Мы забирались в такие дебри что переставали совсем уж понимать друг друга, и поэтому приходила самая пора целоваться. Но иногда даже это Юльку оскорбляло;
— А что мы будем делать, когда начнем ссориться, потом? Когда поженимся? Не вечно же мы будем целоваться?
— А если не вечно — зачем жениться?
— Логично.
Насчет женитьбы Юлька понимал больше, чем я. Его друг Павлик уже сумел жениться, заиметь ребенка (то есть вначале он заимел ребенка, потом пришлось жениться) и разойтись. Павлик, насколько хватало сил, Юльку от меня оттаскивал. Он просто-напросто боялся, что Юлька погорит так же, как он.
4. Измены, измены…
То, что Юльку не стоит показывать знакомым, я чувствовала. Почему-то всех моих знакомых он считал врагами. Видите ли, они — «накрахмаленные, голубые и сплошь пижоны».

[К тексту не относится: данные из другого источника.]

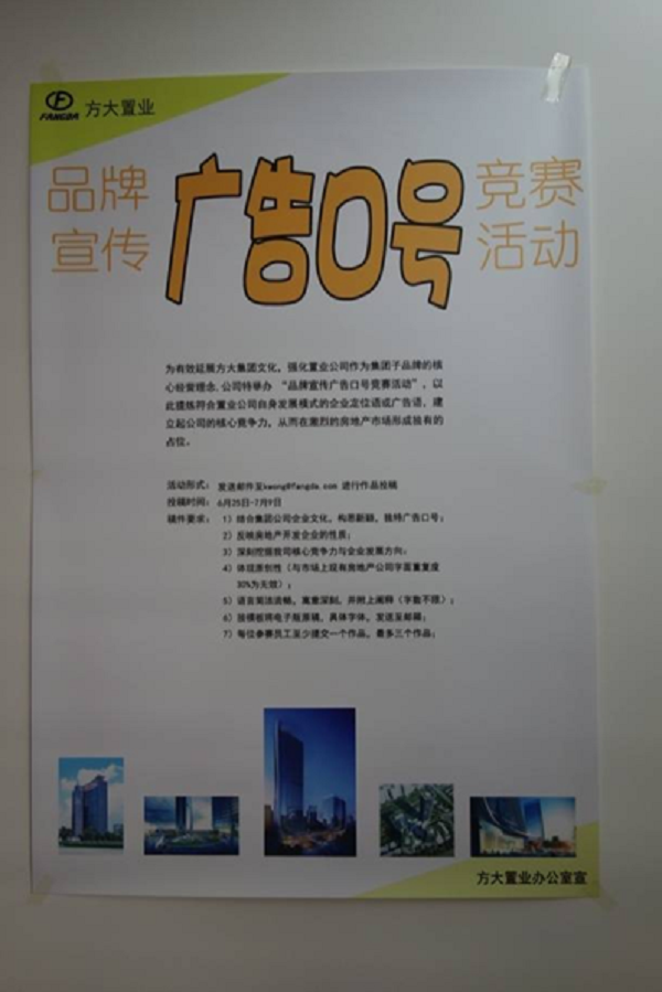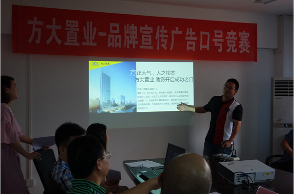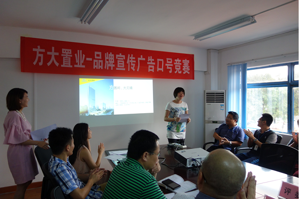 7月16日,方大置業(yè)“品牌宣傳廣告語(yǔ)口號(hào)競(jìng)賽”活動(dòng)決賽在方大廣場(chǎng)綜合樓三樓會(huì)議室舉行。經(jīng)過(guò)三周時(shí)間的征稿、作品展示、初選、復(fù)選,最終選出了十篇優(yōu)秀作品進(jìn)入決賽。方大置業(yè)總經(jīng)理及相關(guān)領(lǐng)導(dǎo)、辦公室和營(yíng)銷策劃部負(fù)責(zé)人擔(dān)當(dāng)本次決賽評(píng)委。

Сам он работал в таком же НИИ, как и я, да еще у своего папочки; вряд ли там была какая-то другая публика, но он почему-то вечно расхваливал своих сослуживцев, а моих нес по всем адресам.
Хотя дело, может быть, и в том, что вряд ли он с кем-то особенно там сдружился (не очень-то он умел ладить с людьми!), а моя общительность (признаться, катастрофическая) его просто раздражала. Поэтому так перепадало моим сослуживцам.
У нас в конторе было много молодых ребят, вечно затевались какие-то общие культпоходы, загородные поездки, но из-за Юльки я от них частенько отказывалась.
Я бы и на этот раз не поехала вместе со всеми, если б мы до этого с ним не поссорились. Но мы поссорились, и я начала собираться в турпоход. Юлька явился, когда я была уже почти готова ехать на вокзал.
— Так! — сказал он. — Куда же вы, синьора?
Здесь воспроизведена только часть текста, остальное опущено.